Jon, we hit alot of spots, it was rough and cold early, but the wind began laying off about 10 am. The first 2 spots marked lots of fish that didn't bite. 3rd spot, was slow, 2triggers and few mingo, but heck, the moon was HUGE all the night before. We pulled 6 or 7 mingos and a couple of triggers on the next one. Then we moved on south to 3 more small spots and pulled 9 more triggers and many more Crabtrees. Then we went a bit deeper and caught lots more porgies, Roy's , and triggers. Several throwback jacks, and scamp,.. not a huge catch, but everyone left with multiple bags of filets. I had a great time drinking coffee and visiting with friends on the VHF. Bonus... wife packed me a shrimp sandwich....


----------



## submariner (Oct 2, 2007)

sounds like it was a fun day and very affordable for day on the water thks for posting


----------



## eggs over easy (Jun 1, 2012)

Capt. Jon Pinney said:


> Great deal with a great captain! Post a report when you get back buddy!

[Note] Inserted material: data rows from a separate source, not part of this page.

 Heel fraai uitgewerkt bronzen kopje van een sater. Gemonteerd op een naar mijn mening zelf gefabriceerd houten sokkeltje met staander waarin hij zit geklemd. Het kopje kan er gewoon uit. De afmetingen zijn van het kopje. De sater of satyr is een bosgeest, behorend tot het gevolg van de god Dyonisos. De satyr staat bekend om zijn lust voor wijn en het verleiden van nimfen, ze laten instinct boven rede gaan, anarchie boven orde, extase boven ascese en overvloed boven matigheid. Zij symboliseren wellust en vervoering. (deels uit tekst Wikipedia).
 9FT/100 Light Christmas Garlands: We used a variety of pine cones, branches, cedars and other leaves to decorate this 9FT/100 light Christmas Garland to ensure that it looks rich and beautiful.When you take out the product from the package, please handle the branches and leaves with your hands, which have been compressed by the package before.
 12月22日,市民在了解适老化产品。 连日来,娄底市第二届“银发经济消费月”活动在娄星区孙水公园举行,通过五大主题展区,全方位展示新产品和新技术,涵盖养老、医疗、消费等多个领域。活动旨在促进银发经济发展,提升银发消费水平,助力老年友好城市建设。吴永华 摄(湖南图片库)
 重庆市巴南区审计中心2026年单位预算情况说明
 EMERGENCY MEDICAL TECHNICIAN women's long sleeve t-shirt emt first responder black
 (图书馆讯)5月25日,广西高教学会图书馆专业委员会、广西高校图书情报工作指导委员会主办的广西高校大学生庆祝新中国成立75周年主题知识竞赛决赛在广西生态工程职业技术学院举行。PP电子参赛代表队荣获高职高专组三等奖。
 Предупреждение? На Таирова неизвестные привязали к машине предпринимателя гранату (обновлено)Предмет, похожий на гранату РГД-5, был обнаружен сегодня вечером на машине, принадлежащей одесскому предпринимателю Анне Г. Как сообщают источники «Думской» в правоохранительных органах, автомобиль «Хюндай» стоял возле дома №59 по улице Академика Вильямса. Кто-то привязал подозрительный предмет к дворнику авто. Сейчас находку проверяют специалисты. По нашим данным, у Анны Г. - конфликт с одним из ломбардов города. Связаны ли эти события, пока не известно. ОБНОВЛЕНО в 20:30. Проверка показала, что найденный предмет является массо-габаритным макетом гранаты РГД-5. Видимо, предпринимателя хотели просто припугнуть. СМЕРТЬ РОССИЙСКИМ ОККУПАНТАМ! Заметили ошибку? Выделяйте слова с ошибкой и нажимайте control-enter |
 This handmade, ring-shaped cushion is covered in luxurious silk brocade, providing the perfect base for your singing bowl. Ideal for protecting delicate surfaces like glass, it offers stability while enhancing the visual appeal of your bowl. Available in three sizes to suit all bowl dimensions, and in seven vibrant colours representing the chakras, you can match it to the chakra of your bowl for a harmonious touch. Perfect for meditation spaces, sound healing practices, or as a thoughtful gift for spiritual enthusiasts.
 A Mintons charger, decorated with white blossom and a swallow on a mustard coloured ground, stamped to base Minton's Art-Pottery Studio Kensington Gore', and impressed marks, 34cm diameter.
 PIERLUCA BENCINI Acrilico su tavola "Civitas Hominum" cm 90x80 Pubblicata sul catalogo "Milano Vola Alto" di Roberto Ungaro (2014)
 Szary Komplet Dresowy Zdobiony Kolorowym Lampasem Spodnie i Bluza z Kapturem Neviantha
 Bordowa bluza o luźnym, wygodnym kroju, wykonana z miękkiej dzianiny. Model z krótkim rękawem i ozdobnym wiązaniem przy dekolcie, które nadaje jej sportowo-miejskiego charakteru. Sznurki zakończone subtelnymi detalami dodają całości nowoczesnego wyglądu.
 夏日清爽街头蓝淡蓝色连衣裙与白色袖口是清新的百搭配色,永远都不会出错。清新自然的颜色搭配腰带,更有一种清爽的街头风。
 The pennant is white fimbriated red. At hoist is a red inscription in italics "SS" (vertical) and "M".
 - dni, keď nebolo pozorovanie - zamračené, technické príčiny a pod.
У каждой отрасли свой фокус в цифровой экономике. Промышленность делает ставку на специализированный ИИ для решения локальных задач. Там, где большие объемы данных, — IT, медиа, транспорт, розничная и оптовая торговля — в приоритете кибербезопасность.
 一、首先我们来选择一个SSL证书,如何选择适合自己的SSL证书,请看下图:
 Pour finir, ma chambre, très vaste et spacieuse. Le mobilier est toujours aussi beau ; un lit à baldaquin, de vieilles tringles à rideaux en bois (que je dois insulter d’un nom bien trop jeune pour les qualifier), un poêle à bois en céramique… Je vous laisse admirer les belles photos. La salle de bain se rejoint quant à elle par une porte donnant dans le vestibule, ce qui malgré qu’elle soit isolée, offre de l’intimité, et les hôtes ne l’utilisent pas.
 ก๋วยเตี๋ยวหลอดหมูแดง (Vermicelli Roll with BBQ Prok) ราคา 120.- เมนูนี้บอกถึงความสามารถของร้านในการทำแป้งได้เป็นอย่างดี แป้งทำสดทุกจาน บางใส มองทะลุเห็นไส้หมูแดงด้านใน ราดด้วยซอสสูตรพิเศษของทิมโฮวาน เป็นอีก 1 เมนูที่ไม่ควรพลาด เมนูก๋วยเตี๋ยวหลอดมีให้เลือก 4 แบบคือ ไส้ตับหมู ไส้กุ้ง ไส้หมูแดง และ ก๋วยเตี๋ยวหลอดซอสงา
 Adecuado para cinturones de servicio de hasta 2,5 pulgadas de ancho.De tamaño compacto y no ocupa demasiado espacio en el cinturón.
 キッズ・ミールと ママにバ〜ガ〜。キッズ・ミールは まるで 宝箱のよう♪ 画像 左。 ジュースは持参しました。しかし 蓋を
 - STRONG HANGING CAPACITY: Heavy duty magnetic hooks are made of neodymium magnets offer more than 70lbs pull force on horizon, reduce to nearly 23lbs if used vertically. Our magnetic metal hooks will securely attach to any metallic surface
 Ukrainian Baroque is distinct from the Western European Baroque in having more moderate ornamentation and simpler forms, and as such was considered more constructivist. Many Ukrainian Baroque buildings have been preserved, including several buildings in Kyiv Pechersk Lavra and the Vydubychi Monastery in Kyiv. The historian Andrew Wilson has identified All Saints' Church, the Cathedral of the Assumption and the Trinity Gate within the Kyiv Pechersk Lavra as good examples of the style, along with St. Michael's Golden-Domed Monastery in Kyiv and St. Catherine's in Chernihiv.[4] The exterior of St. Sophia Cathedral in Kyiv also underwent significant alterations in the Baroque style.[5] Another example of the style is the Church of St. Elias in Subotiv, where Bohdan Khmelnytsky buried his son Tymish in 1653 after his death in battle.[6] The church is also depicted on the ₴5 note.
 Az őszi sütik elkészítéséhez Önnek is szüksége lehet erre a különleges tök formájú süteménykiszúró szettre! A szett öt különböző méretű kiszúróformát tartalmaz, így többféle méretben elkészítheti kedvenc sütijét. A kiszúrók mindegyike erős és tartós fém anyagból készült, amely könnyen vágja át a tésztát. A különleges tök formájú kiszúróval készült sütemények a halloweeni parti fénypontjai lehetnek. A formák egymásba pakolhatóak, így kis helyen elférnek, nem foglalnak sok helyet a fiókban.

I'll second that, Was on that boat before the current limits and had a blast! Went another time after the new limits...he pulled us right into the middle of some boats, on his spot i presume...we dropped and pretty much everybody had a fish on in a minute or so...all while the boats around us had nary a bite! fun time, great boat


----------



## whome (Oct 2, 2007)

Burnt Drag said:


> Jon, we hit alot of spots, it was rough and cold early, but the wind began laying off about 10 am. The first 2 spots marked lots of fish that didn't bite. 3rd spot, was slow, 2triggers and few mingo, but heck, the moon was HUGE all the night before. We pulled 6 or 7 mingos and a couple of triggers on the next one. Then we moved on south to 3 more small spots and pulled 9 more triggers and many more Crabtrees. Then we went a bit deeper and caught lots more porgies, Roy's , and triggers. Several throwback jacks, and scamp,.. not a huge catch, but everyone left with multiple bags of filets. I had a great time drinking coffee and visiting with friends on the VHF. Bonus... wife packed me a shrimp sandwich....


Good Job Captain! Hope you guys have a great year! :notworthy:


----------